An Historical Broadcaster of Racing
The first time that racing was broadcast on Channel 4 was on the 22nd of March 1984. The coverage came from Doncaster, taking over from the midweek coverage that had previously been shown on ITV. From the beginning of 1986, the number of races covered by Channel 4 began to drop, with only big ones such as Newmarket, Epsom, York and Kempton covered, in addition to big races like the Scottish Grand National. It wasn’t until the late 1980s and into the 1990s that Channel 4 Racing began to up the coverage offered, adding Chester in 1989 and Cheltenham in 1995.
In 2002, Newbury was added to the roster of locations covered by Channel 4 Racing, then Goodwood was covered full-time, having previously been shared with the BBC, in 2007. Haydock Park also joined Channel 4’s coverage full-time in 2008, whilst Aintree became a fully covered course five years after that. The channel signed a three-year deal with Racing UK in 2007 that allowed it to cover events taking place at their courses, guaranteeing 80 days of racing on Channel 4 every year. In 2013, the channel became the exclusive home of free-to-air racing in the UK.

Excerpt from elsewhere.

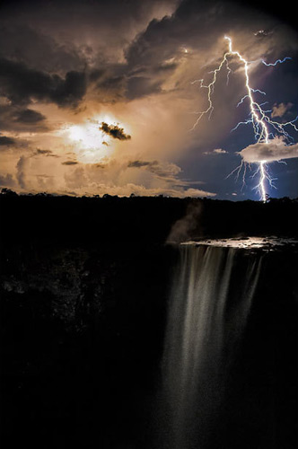 2011年度英国特许水务与环境管理学会环境摄影大赛近日揭晓评选结果。大赛旨在通过专业及业余摄影师的精彩佳作,以唤起人们对环境保护问题的关注。自然世界类冠军:闪电照亮凯丘瀑布。夜间,一道巨大的闪电照亮了凯丘瀑布。凯丘瀑布位于圭亚那凯丘国家公园中,是世界上单极落差和流量最大的瀑布。

Having been covering the major events such as the Grand National, Royal Ascot and the Cheltenham Festival for a couple of years, it was announced at the start of 2016 that the rights to cover racing that had been with Channel 4 for 32 years had been lost to ITV. The reasoning behind the move was that ratings had dropped since the big meetings had moved from the BBC, meaning that from the first of January 2017, ITV would show 40 days of racing a year, whilst a further 60 days would be shown on ITV4. The final day of racing on Channel 4 actually came on the 27th of December 2016.